> [ASSIGNMENT]:
How many lines in the records below include "under"? Answer with the number only.
DATA LISTING section start
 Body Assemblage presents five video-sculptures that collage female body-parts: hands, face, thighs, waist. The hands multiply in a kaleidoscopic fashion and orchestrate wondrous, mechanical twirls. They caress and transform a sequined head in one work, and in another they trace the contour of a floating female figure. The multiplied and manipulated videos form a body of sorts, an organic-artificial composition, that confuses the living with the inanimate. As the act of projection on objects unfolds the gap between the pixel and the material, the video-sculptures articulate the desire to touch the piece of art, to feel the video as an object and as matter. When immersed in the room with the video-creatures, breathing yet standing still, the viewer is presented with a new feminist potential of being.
DATA LISTING section end
DATA LISTING section start
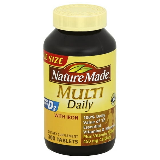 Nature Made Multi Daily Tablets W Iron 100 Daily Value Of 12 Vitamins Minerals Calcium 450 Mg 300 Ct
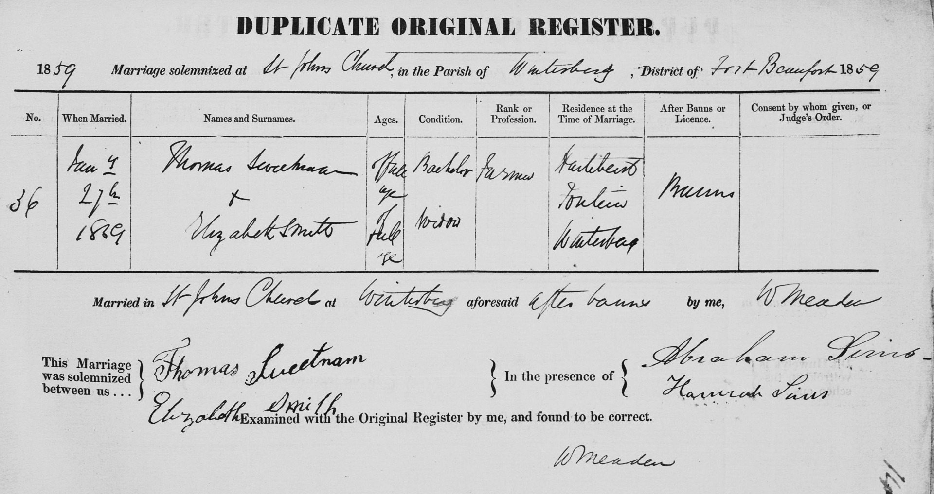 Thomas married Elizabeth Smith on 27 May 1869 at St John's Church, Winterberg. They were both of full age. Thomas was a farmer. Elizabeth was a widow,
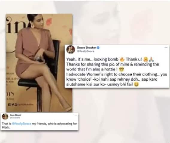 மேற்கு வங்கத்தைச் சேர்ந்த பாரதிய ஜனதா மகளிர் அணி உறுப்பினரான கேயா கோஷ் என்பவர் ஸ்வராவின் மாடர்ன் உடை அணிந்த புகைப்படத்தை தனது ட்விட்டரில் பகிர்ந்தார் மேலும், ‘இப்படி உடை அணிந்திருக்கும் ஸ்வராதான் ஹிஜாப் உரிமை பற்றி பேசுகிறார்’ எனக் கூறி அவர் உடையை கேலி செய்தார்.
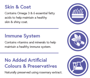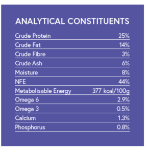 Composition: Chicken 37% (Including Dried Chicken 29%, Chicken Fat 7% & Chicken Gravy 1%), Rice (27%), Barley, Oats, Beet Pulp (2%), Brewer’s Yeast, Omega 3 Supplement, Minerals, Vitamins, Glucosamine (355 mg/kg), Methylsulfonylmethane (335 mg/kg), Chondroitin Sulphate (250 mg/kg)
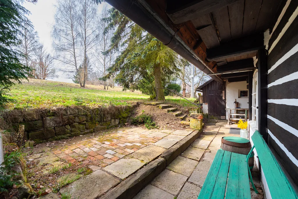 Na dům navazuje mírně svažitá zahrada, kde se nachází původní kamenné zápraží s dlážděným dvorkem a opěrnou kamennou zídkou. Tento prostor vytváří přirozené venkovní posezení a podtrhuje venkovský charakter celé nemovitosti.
DATA LISTING section end
DATA LISTING section start
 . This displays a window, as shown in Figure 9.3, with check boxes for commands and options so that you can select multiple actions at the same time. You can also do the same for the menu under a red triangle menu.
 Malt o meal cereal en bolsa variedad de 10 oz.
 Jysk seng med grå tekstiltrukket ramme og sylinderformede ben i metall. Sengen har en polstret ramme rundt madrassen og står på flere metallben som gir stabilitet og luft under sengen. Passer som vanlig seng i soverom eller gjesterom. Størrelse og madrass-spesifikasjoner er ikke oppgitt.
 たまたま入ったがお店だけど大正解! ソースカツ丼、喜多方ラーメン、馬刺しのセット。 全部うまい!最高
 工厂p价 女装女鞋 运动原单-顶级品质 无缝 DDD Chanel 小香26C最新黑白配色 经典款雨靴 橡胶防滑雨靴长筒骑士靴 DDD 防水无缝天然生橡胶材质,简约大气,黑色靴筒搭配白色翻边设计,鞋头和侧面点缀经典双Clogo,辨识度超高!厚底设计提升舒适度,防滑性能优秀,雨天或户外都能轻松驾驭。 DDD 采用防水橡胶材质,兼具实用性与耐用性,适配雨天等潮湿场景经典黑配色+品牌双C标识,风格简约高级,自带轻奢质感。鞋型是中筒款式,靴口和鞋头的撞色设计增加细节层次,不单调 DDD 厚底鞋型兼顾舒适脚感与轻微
DATA LISTING section end
> [REPLY]:
2